ConfigurationSetting Method - GenerateDatabaseRightsScript
Generates a SQL Script that can be used to grant a user rights to the report server database and other databases required for a report server to run. The caller is expected to connect to the SQL Server database server and execute the script.
Public Sub GenerateDatabaseRightsScript(ByVal UserName As String, _ ByVal DatabaseName As String, ByVal IsRemote As Boolean, _ ByVal IsWindowsUser As Boolean, ByRef Script As String, _ ByRef HRESULT As Int32)
public void GenerateDatabaseRightsScript(string UserName, string DatabaseName, bool IsRemote, bool IsWindowsUser, out string Script, out Int32 HRESULT);
The user name or Windows security identifier (SID) of the user to which the script will grant rights.
The database name to which the script will grant access to the user.
A Boolean value to indicating whether the database is remote from the report server.
A Boolean value indicating whether the specified user name is a Windows user or a SQL Server user.
[out] A string containing the generated SQL Server script.
[out] Value indicating whether the call succeeded or failed.
Returns an HRESULT indicating success or failure of the method call. A value of 0 indicates that the method call was successful. A non-zero value indicates that an error has occurred.
If DatabaseName is empty then IsRemote is ignored and the report server configuration file value is used for the database name.
If IsWindowsUser is set to true, UserName should be in the format <domain>\<username>.
When IsWindowsUser is set to true, the generated script grants login rights to the user for the SQL Server, setting the report server database as the default database, and grants the RSExec role on the report server database, the report server temporary database, the master database and the MSDB system database.
When IsWindowsUser is set to true, the method accepts standard Windows SIDs as input. When a standard Windows SID or service account name is supplied, it is translated to a user name string. If the database is local, the account is translated to the correct localized representation of the account. If the database is remote, the account is represented as the computer’s account.
The following table shows accounts that are translated and their remote representation.
|Account / SID that is translated||Common Name||Remote Name|
|NT AUTHORITY\NetworkService||Network Service||<Domain>\<ComputerName>$|
|(S-1-5-19)||Local Service||Error – see below.|
|NT AUTHORITY\LocalService||Local Service||Error – see below.|
On Windows 2000, if you are using a built-in account and the report server database is remote, an error is returned.
If the LocalService built-in account is specified and the report server database is remote, an error is returned.
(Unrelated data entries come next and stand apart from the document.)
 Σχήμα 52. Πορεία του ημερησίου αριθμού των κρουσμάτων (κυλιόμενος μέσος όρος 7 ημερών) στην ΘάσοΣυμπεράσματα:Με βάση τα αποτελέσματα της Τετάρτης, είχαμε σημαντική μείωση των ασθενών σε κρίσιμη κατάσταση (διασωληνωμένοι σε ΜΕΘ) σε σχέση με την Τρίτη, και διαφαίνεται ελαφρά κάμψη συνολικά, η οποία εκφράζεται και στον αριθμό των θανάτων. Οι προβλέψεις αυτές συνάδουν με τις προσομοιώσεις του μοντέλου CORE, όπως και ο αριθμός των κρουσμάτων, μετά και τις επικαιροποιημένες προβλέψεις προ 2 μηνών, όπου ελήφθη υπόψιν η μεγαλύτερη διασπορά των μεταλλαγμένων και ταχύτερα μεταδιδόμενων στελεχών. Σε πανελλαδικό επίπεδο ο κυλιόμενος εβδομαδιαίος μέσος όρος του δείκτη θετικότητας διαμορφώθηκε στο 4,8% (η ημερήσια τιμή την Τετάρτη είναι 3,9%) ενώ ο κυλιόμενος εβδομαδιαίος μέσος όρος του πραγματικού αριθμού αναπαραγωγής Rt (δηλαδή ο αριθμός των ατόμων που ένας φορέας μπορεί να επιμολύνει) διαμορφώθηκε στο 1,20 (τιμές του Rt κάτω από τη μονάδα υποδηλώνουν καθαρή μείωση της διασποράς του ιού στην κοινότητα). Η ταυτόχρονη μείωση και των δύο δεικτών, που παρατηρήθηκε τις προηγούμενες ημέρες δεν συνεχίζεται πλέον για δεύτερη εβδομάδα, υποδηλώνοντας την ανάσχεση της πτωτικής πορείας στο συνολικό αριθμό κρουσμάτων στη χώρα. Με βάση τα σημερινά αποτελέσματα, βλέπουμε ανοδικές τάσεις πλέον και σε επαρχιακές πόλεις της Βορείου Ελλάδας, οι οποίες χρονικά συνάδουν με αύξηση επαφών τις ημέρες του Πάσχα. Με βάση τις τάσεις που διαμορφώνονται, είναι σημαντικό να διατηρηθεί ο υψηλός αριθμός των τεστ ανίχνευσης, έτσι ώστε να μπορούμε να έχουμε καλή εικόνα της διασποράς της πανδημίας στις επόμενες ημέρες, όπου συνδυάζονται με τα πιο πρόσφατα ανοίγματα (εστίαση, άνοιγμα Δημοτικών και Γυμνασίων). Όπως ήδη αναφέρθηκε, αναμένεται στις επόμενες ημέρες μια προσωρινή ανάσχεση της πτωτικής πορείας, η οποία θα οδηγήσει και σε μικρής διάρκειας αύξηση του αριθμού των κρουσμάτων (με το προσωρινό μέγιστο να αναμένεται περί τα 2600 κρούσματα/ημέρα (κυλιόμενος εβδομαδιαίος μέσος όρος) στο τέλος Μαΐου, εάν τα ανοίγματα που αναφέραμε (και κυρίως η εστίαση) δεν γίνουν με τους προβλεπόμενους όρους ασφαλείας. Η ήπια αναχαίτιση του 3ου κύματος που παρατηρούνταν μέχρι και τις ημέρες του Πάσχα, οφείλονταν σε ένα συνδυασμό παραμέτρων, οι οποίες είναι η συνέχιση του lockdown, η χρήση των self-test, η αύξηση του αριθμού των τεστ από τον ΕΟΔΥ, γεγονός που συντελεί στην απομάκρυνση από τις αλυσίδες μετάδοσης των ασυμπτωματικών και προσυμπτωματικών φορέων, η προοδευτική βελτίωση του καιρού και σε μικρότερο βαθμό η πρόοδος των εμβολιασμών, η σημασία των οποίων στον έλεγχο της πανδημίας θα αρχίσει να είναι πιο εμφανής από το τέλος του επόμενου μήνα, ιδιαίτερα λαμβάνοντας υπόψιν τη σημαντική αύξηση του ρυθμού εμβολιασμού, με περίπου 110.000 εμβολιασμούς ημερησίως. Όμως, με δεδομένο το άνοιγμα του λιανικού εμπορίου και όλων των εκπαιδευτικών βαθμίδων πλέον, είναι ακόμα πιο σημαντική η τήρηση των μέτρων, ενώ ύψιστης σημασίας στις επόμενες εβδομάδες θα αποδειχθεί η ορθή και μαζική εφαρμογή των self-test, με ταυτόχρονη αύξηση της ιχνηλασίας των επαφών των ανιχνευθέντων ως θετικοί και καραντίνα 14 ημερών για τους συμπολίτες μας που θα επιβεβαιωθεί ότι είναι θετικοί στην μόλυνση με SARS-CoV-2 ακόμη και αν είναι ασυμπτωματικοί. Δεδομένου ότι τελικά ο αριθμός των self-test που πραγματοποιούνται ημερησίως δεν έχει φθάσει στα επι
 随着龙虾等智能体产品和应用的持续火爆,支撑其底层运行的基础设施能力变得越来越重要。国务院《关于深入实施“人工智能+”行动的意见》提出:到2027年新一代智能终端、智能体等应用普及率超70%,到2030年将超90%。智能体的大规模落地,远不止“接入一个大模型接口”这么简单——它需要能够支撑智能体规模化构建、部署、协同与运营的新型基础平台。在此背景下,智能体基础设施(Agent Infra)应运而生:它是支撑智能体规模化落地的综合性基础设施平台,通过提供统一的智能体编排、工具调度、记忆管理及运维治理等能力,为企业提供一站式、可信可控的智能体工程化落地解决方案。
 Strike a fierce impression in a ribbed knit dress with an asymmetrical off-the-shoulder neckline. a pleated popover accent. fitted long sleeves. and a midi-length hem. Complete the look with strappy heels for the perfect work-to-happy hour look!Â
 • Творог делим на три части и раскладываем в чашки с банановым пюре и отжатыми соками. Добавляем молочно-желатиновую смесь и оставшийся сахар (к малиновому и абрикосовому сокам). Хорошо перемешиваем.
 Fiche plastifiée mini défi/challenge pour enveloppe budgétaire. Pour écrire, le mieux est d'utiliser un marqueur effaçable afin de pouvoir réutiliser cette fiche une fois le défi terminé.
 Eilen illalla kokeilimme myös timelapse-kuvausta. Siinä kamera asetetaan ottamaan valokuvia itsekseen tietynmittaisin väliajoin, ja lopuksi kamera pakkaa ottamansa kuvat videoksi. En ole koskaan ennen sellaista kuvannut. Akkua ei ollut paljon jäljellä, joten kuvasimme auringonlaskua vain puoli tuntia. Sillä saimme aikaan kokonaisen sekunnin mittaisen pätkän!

When IsWindowsUser is true and the value supplied in UserName needs to be translated, the WMI provider determines whether the report server database is located on the same computer or on a remote computer. To determine if the installation is local, the WMI provider evaluates the DatabaseServerName property against the following list of values. If a match is found, the database is local. Otherwise, it is remote. The comparison is case-insensitive.
|Value of DatabaseServerName||Example|
When IsWindowsUser is set to true, the WMI provider calls LookupAccountName to get the SID for the account and then calls LookupAccountSID to get the name to put in the SQL Server script. This ensures that the account name used will pass SQL Server validation.
When IsWindowsUser is set to false, the generated script grants the RSExec role on the report server database, the report server temporary database, and the MSDB database.
When IsWindowsUser is set to false, the SQL Server user must already exist on the SQL Server for the script to run successfully.
If the report server does not have a report server database specified, calling GrantRightsToDatabaseUser returns an error.
The generated script supports SQL Server 2000, SQL Server 2005, and SQL Server 2008.